Brazil of ideas: public security and illegal market in debate

Revista Voto and the National Movement in Defense of the Brazilian Legal Market, coordinated by the Brazilian Institute of Ethics in Competition (ETCO) and the National Forum Against Piracy and Illegality (FNCP), together with more than 70 business entities and society organizations affected by illegal smuggling practices, held, on 01/08, in Rio de Janeiro, the Brazil Meeting of Ideas: Avante Brasil to discuss the riddle of insecurity that oppresses Brazil.

In order to foster dialogue between civil society, the public and private sectors in search of measures to end crime, increase security and contain the illegal market, the event was attended by TCU Minister João Augusto Ribeiro Nardes, the Chief Minister of the Institutional Security Office, Sérgio Westphalen Etchegoyen, and the Minister of Social Development, Osmar Terra, in addition to other authorities, political leaders and business entities.

For the chief minister of the Institutional Security Office, Sérgio Westphalen Etchegoyen, organized crime, responsible for drug trafficking, weapons and money laundering, is the greatest threat to Brazilian society today. "Brazil is experiencing an extraordinary situation, so it needs extraordinary solutions, such as the tightening of laws, to fight crime", guarantees Etchegoyen.

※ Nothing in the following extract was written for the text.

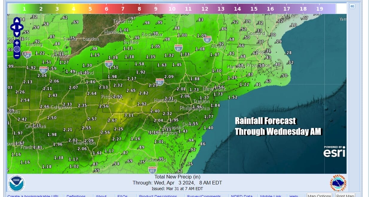 Wednesday morning we see a very large are of 2 inches or more of rain in the Central Appalachians with 1 to 2 inches reaching into Southern New England and the Hudson Valley southward. Since the rain is somewhat spread out over 3 days, it may reduce flooding concerns but we need to watch the situation closely since thunderstorm risk means there is the risk for some locally higher amounts.

The Minister of the Federal Court of Accounts (TCU), José Augusto Nardes, also agrees that the fight against violence involves taking care of borders, where weapons, drugs and smuggling enter. “Brazil has 16 thousand kilometers of borders and there is no integrated policy. It is known that 68% of states do not share information. There needs to be a change and cooperation between the state departments to fight organized crime ”. In addition, sporadic security policies, such as the effective presence of the armed forces, are necessary, but not sufficient. Nardes also commented on the need for proper integration of the Federal Highway Police, the Federal Police and other bodies for effective border control.

According to the Minister of Social Development, Osmar Terra, measures to combat violence will only have effects if accompanied by social actions. "We need to show the youth that there is another possible world and rescue the citizenship of the population in these risk areas", comments Minister Terra, stressing that it is necessary to present a possibility for a future outside of organized crime. In addressing the destination of the extra budget for social actions, Terra states that he intends to reorganize basic health services, professional training and sports practice, with the aim of fostering dialogue between civil society, the public and private sectors in search of measures to ending crime, increasing security and containing the illegal market, the event was attended by TCU Minister João Augusto Ribeiro Nardes, Chief Minister of the Institutional Security Office, Sérgio Westphalen Etchegoyen, and Minister for Social Development , Osmar Terra, in addition to other authorities, political leaders and business entities.

According to Edson Vismona, coordinator of the Movement for the Defense of the Brazilian Legal Market, smuggling is the main source of financing for organized crime and a promoter of violence throughout the national territory. "Brazil is a large legal and illegal market and, to combat crime, it is essential that the State occupy the spaces before organized crime takes over".

In 2016, this criminal activity generated losses for the country in the order of R $ 130 billion, added to the losses of the productive sectors - tobacco, clothing, fuel, cosmetics, medicines, among others - and tax evasion, according to a FNCP survey.

The state of São Paulo is the largest consumer of illegal products and an important distribution center for these goods to the rest of the country. Rio de Janeiro, in addition to receiving these products, also faces the problem of cargo theft. There are more than 30 trucks stolen a day in Rio.

“In Rio de Janeiro, the illegal cigarette market corresponds to 36%, that is, the products are sold based on cargo theft, the result of smuggling and evading companies”, concludes Vismona.